Available data:
Content starts
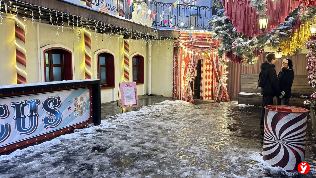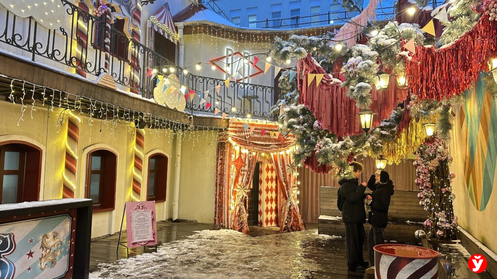 Первая локация расположилась по адресу Комсомольская 13А. Известный дворик каждый год удивляет масштабными проектами: в прошлом сезоне здесь царила розовая праздничная атмосфера, а в этом — устроили ретро-цирк-шапито.
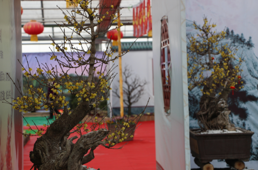 今天上午,大河客戶端記者在梅花展廳看到,不同品種的梅花被做成了盆景造型,配以雪花、茅屋、窗臺點綴,形成一道道獨特的景觀。怒放的花朵、含羞的花苞,數(shù)千平米的展廳內(nèi)香氣四溢,惹得游人如癡如醉。
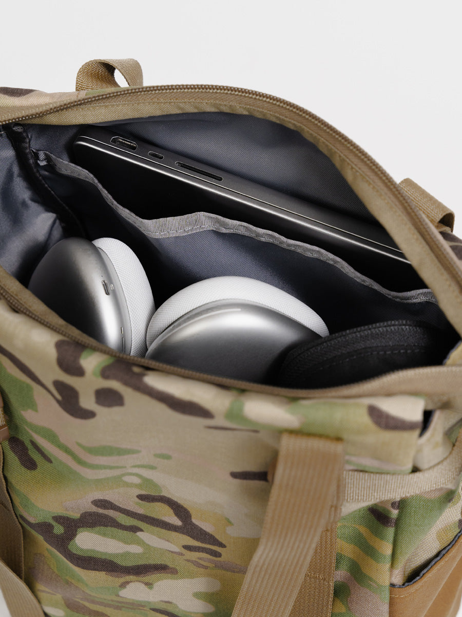 Drawing from military design inspiration, the Tango shopper tote is our take on a tough-yet-adaptable everyday carry. This carry-all tote blends minimalist aesthetics with rugged performance, made with military-grade construction and a water-repellant exterior for lasting durability.
Content ends
Aim of the task: The result should be the same data as above, line for line, with the pictures gone.

Written response:
 Первая локация расположилась по адресу Комсомольская 13А. Известный дворик каждый год удивляет масштабными проектами: в прошлом сезоне здесь царила розовая праздничная атмосфера, а в этом — устроили ретро-цирк-шапито.
 今天上午,大河客戶端記者在梅花展廳看到,不同品種的梅花被做成了盆景造型,配以雪花、茅屋、窗臺點綴,形成一道道獨特的景觀。怒放的花朵、含羞的花苞,數(shù)千平米的展廳內(nèi)香氣四溢,惹得游人如癡如醉。
 Drawing from military design inspiration, the Tango shopper tote is our take on a tough-yet-adaptable everyday carry. This carry-all tote blends minimalist aesthetics with rugged performance, made with military-grade construction and a water-repellant exterior for lasting durability.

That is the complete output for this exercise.